Ele exibe na tela de seu computador o ambiente de trabalho do Linux, que tem 150 mil desenvolvedores registrados em todo o mundo. ‘O software livre não é, necessariamente, gratuito. Mas as suas alterações são, e ele pode ser adaptado às necessidades do usuário’, ressalta Amadeu.
O Brasil puxa a vanguarda do movimento de softwares livres e começa a atrair a atenção de outros países em desenvolvimento. Índia e África do Sul já começam a se interessar pelos programas de código aberto. Na última visita do presidente Lula à África, os centros de informática doados pelo Brasil foram instalados com tecnologia livre de licenças. Um software desenvolvido por técnicos brasileiros, o Sacix, abriu a possibilidade de ligar máquinas antigas à Internet em Moçambique.
Redes interligadas
Ao migrar dos softwares proprietários para os livres, o governo aproveita para dar operabilidade integrada aos seus sistemas, interligando os componentes de tecnologia da informação dos governos estaduais, municipais e federal, e dos poderes legislativo e judiciário. É o chamado e-ping.
Isso significa, por exemplo, que o cadastro de um cidadão feito no Instituto Nacional do Seguro Social (INSS) poderá ser compartilhado com outros órgãos públicos que necessitem de tais informações para emitir documentos ou mesmo trocar um prontuário médico em eventual mudança de cidade.
Para os cadastros sociais, a rede única de informações também é o melhor caminho. Um exemplo disso é o Bolsa Família, benefício do governo federal executado em parceria com os estados e municípios. Além de atender ao cidadão com mais rapidez e eficiência, a troca de dados dos vários setores e segmentos da Administração Pública dificulta a duplicidade de informações e possíveis fraudes.
Internet para todos
Até o final de 2005, entre dois e três milhões de brasileiros de baixa renda terão acesso à Internet com direito a endereço eletrônico. Começa a sair do papel o Projeto Casa Brasil, que instalará telecentros em comunidades carentes do campo e das periferias de grandes cidades. Nestes locais, serão ligados pelo menos dez computadores em banda larga, operando com softwares livres. O projeto também prevê a instalação de estúdios multimídia para a proliferação de rádios comunitárias e acesso a serviços de correio, bancos e governo eletrônico para pagamento de contas.

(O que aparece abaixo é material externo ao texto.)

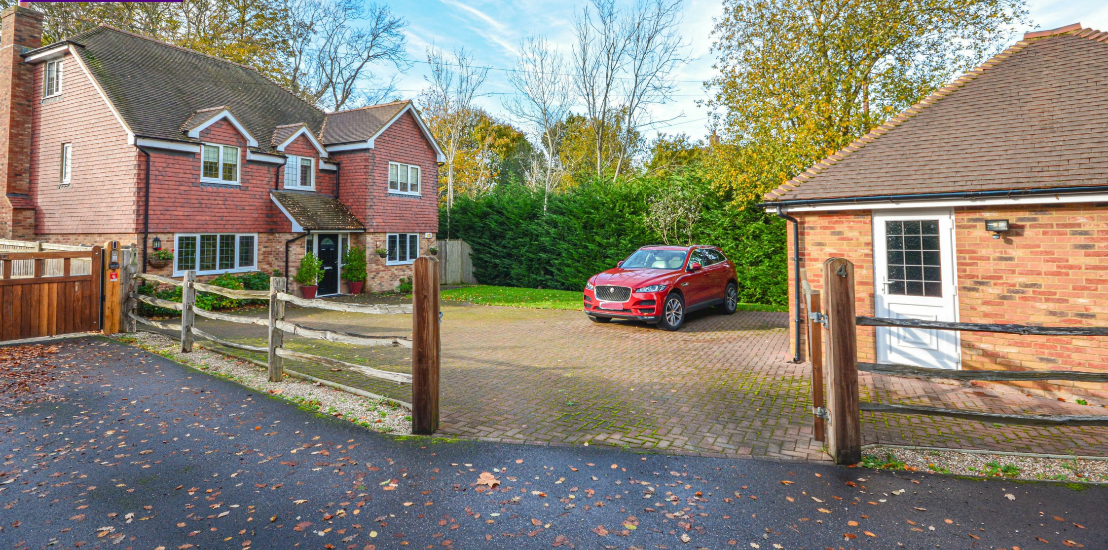
Oakwood House, 4 Kiln Close, Hellingly, East Sussex BN27 4EJ £695,000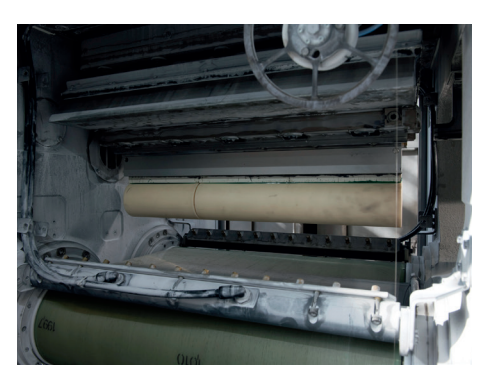
Longer load length for higher capacity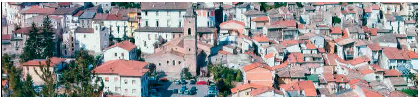
Ilio's Hometown: Introdacqua, Abruzzo Italy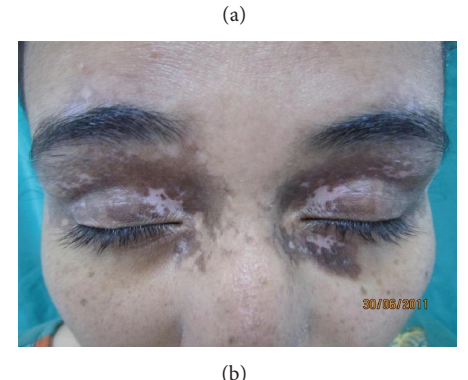
FIGURE 2: Patient of vitiligo treated with NBUVB phototherapy, showing diffuse type and somewhat darker colour of repigmentation after 12 weeks of therapy.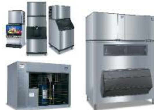
CVD Condensing Unit***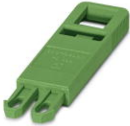
Strain relief for snapping into the latching chambers of the plug components, 2-pos., labeling with ZB 6

Please be informed that the data shown in this PDF Document is generated from our Online Catalog. Please find the complete data in the user's documentation. Our General Terms of Use for Downloads are valid ( http://phoenixcontact.com/download )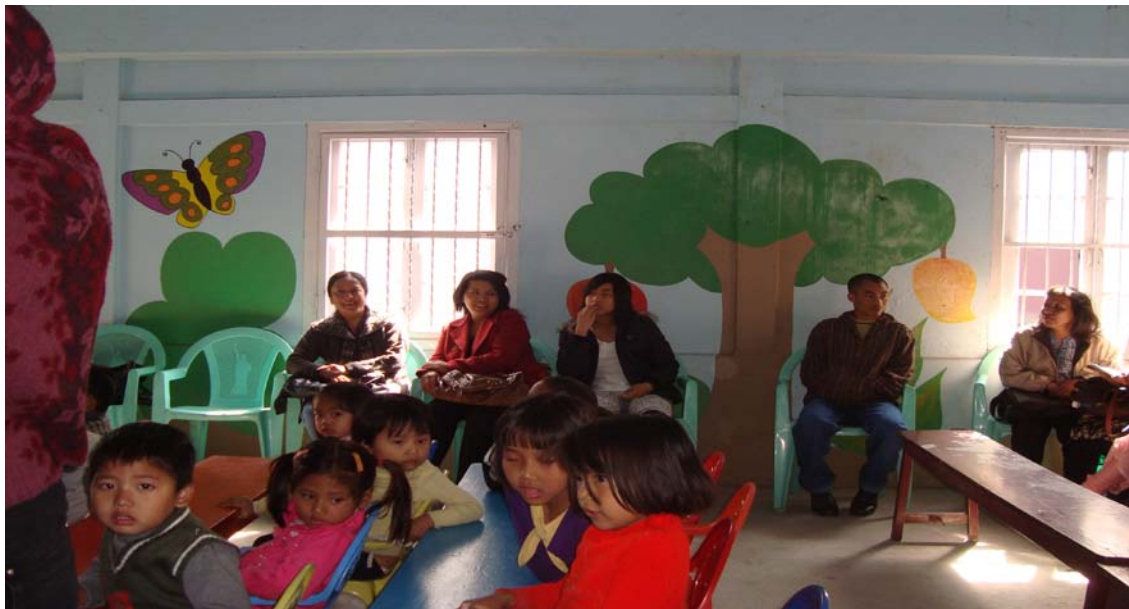
Dwarpai AWC (Urban)

A entrada nos telecentros – muitos deles previstos em escolas e bibliotecas públicas – será gratuita. A coordenação ficará sob a responsabilidade da própria comunidade por meio de organizações não-governamentais (ongs) que destinarão monitores treinados pelo governo federal para disseminar o conhecimento nas regiões. Estima-se que cada Casa Brasil atinja diretamente quase três mil pessoas. ‘Crianças vão fazer as tarefas de casa com auxílio da web, pessoas conversarão com parentes distantes por e-mail. Se faltar um livro, a Internet pode ajudar complementando os dados’, estima Sérgio Amadeu, um dos criadores do projeto.
O Casa Brasil pode dobrar, já em 2007, o número de internautas brasileiros, hoje estimado em 16 milhões de pessoas, a maioria das classes A e B. A partir de 2006, está prevista a abertura de três mil novos telecentros a cada doze meses, o que incluirá nove milhões de brasileiros das classes D e E no mundo digital anualmente.